# Renegade installation trouble



## jessman890 (Jan 3, 2005)

when trying to install renegade i get this error thing that comes up 0xc0000006 and the second part of installation wont pop up....like ill click install but it dont pop up.. please help asap!!


----------



## ysrfreak (Dec 30, 2004)

YO GUY!!! I just had that same problem, I just re-formated my comp and I forgot to add the drivers for my sound card and most of the other drivers. I don't know if it's the same problem but try going to "RUN" under start menu, put "Disk 1:Game Disk" into your drive and then from run click browse find your cd-rom drive and click setup, there's usually a cd infront of it. I hope this helps and if you have any other problem contact me, I have my email under my profile i also have msn.


----------



## jessman890 (Jan 3, 2005)

*thanks*

yooo bro thanks alot u were a big help... hopefully one day i cud repay the favor. thanks alot man



Jesse


----------



## ysrfreak (Dec 30, 2004)

No prob bro, but did it work? and if so e-mail me your username on westwood and we'll play online sometime


----------



## jessman890 (Jan 3, 2005)

yea it worked.. my name is cowguy14... maybe u heard of me :-D most ppl hate me cuz im soo good lol... but yea we def gotta play.


----------



## ysrfreak (Dec 30, 2004)

On gamespy? or westwood? im doing single player for now, i wanna get more skills


----------



## faberman (Jan 10, 2005)

*install coda plaese and fast*

can some one plaese give me the install code for renegade.
or else give me a site or some thing were I can get one 
tnx


----------



## jessman890 (Jan 3, 2005)

u mean like cd-key?


----------



## faberman (Jan 10, 2005)

yes thats wat I mean


----------



## jessman890 (Jan 3, 2005)

oh sry dude no1 can really help u out unless they quitting game cuz 2 cd keys cant be used at one time online... so if u want go to like ***************** and look for one for renegade but u wunt be able to play online.. 

Pce, Jesse


----------



## xYuGix (Feb 6, 2009)

jessman890 said:


> when trying to install renegade i get this error thing that comes up 0xc0000006 and the second part of installation wont pop up....like ill click install but it dont pop up.. please help asap!!

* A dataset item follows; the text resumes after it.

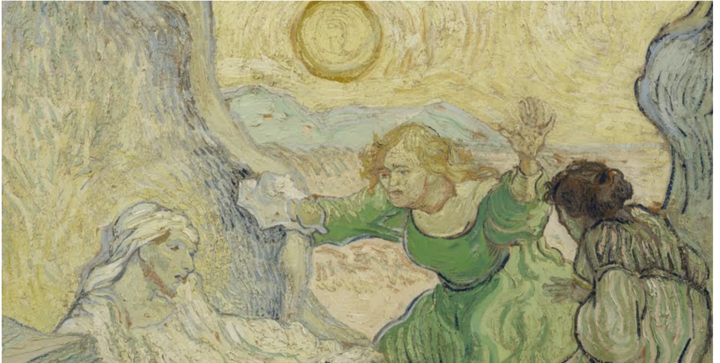
De opstanding van Lazarus door Vincent van Gogh

Hi !! Please help me install C & C renegade . I find renegade set up on web but it is Image , must use deamon tool install that file . after install set up file and file patch 1037_english .All in follder C:\westwood/renegade .. then i click renegade.exe but cant play .It error " inset disc .. "  Now how do i do ) please teach me


----------



## McNinja (Jun 22, 2008)

you can't talk about pirating on TSF 

"yo bro" hahahahah you guys crack me up


----------



## koala (Mar 27, 2005)

xYuGix, you've already asked this question in another thread which was closed.

*http://www.techsupportforum.com/f59/please-help-me-install-c-and-c-renegade-343520.html*

We do not help with pirate software.


----------